On Wed, 2009-01-14 at 18:18 +0100, Nick Piggin wrote:

> > @@ -173,21 +237,21 @@ __mutex_lock_common(struct mutex *lock, 
> >                     spin_unlock_mutex(&lock->wait_lock, flags);
> >  
> >                     debug_mutex_free_waiter(&waiter);
> > +                   preempt_enable();
> >                     return -EINTR;
> >             }
> >             __set_task_state(task, state);
> >  
> >             /* didnt get the lock, go to sleep: */
> >             spin_unlock_mutex(&lock->wait_lock, flags);
> > -           schedule();
> > +           __schedule();
> 
> Why does this need to do a preempt-disabled schedule? After we schedule
> away, the next task can do arbitrary things or reschedule itself, so if
> we have not anticipated such a condition here, then I can't see what
> __schedule protects. At least a comment is in order?

From:
http://programming.kicks-ass.net/kernel-patches/mutex-adaptive-spin/mutex-preempt.patch

Subject: mutex: preemption fixes
From: Peter Zijlstra <a.p.zijls...@chello.nl>
Date: Wed Jan 14 15:36:26 CET 2009

The problem is that dropping the spinlock right before schedule is a voluntary
preemption point and can cause a schedule, right after which we schedule again.

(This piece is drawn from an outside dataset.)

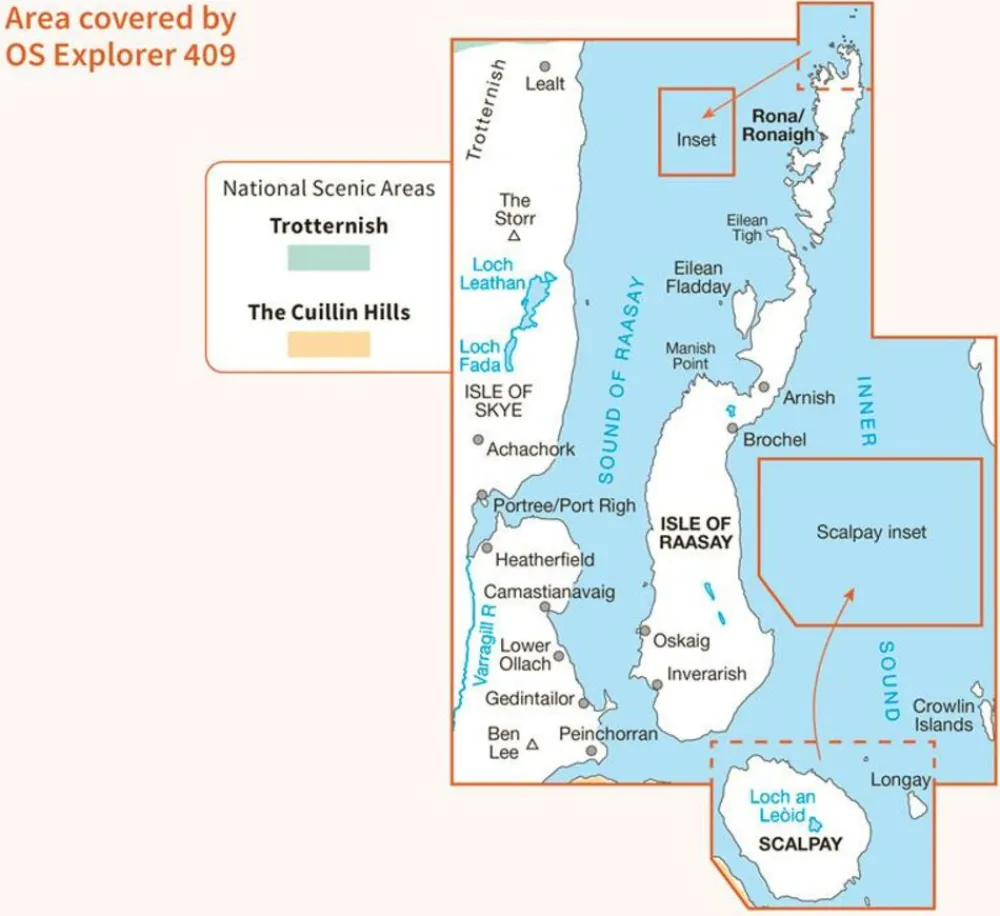 Zeer gedetailleerde, gelamineerde Active Explorer kaart 409 voor het oosten van Skye – Raasay, Rona en Scalpay.

Fix this inefficiency by keeping preemption disabled until we schedule, do this
by explicitly disabling preemption and providing a schedule() variant that
assumes preemption is already disabled.

Signed-off-by: Peter Zijlstra <a.p.zijls...@chello.nl>

> Pity to add the call overhead to schedule just for this case.

Good point, seeing any way around that?

>  BTW. __schedule shouldn't need to be asmlinkage?

TBH I've no clue, probably not, Ingo?